Елена Романовна была босая. Этот факт был каким-то странным, неправильным: он бросался в глаза и кричал о чем-то вроде старческой деменции. Зоя не привыкла ходить босой, мама всегда говорила, что это опасно – можно простыть или занозить ногу, но в этой странной квартире для гостьи тапочек не нашлось.
– Пейте, пейте чай. Он хорош – пока горяч, – Елена Романовна поставила чашку и взмахнула руками в побуждающем порыве. Журналистка, сидящая несчастным кукушонком в кресле не по размеру, вызывала у нее практически материнскую симпатию. – Давайте я пока начну говорить, а Вы подтянетесь, как наберетесь отваги.
Зоя испуганно посмотрела на хозяйку: так очевидно, что она боится? Боится начать интервью? Почему-то оказалось очень страшно подумать о том, что именитая актриса будет разочарована ее детским поведением. Но Елена Романовна сидела на простом табурете с такой грацией, будто под нею был царственный трон.

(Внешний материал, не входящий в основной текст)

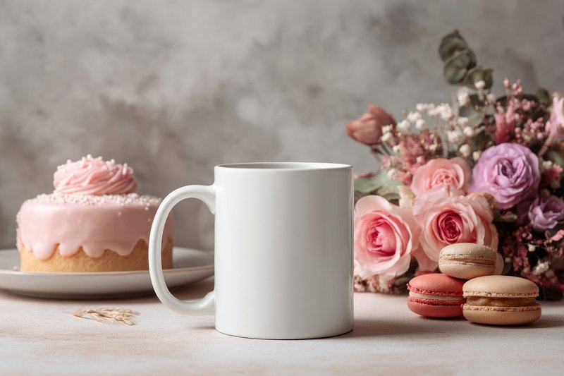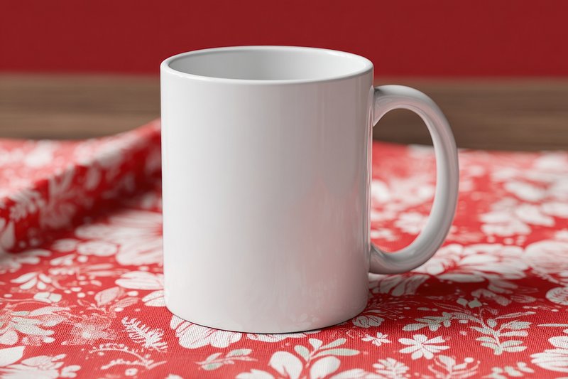 Blank mug on floral fabric https://www.rawpixel.com/image/23783142/blank-mug-floral-fabricView license
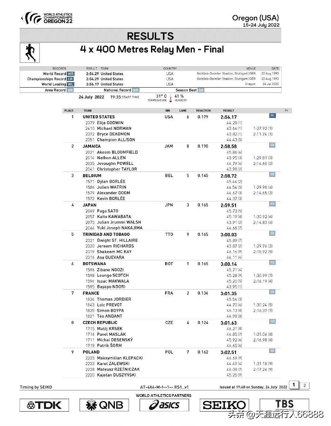俄勒冈世界田径锦标赛男子4x400米决赛,揽得金银铜牌的队伍和成绩:
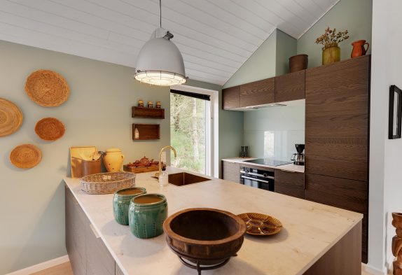Overalt er der åbent op til kip, hvilket giver en dejlig fornemmelse af plads i det skønne sommerhus. Nyd fællesskabet i husets hjerte, det store opholdsrum med den flotte og veludrustede køkkenafdeling i den ene ende med en åben forbindelse til den hyggelige stueafdeling.

Она по-кошачьи изгибалась, чуть наклоняясь к невысокому подоконнику, чтобы опереться на него локтем. Кисточка черемухи касалась самых ее черных с проседью волос, а молодые сочные листья обрамляли лицо. И сама актриса, которой должно было быть лет под восемьдесят, в который раз казалась моложе положенного лет на тридцать. Удивительно.
Зоя отпила из чашки ароматный чай с ромашкой, а потом неуверенно кивнула и взялась за ручку. Что ж, просто послушать то, что ей расскажет такая женщина – тоже полезно. Она сможет это потом использовать для целой статьи, а не только для интервью. Может быть, даже, это позволит ей немного возвыситься в глазах главного редактора.
– Знаете, творчество во мне проснулось далеко не сразу – детство мое и молодость проходили в очень сложных исторических условиях, думаю, Вы и сами понимаете, что, когда я хотела писать стихи и читать их публике, мой отец умирал на фронте, а в тылу не хватало рук на производствах. Мне было тогда тринадцать лет – пора наивности и веры, что все будет, что смерть обязательно обойдет меня стороной, что я непременно стану великой поэтессой, потому что соседу, дед-Матвею, очень нравились мои стихи про ручьи и лужи, – взгляд Елены Романовны ка-то помутился, он словно обратился сам в себя, к юной девочке в заштопанном платье и материнских валенках и платке. Вопреки обычному, ленивое воображение Зои вдруг живо нарисовало девочку-Лену, с косичкой под шерстяным платком и поношенной старшими (а были ли у нее сестры?) шубке.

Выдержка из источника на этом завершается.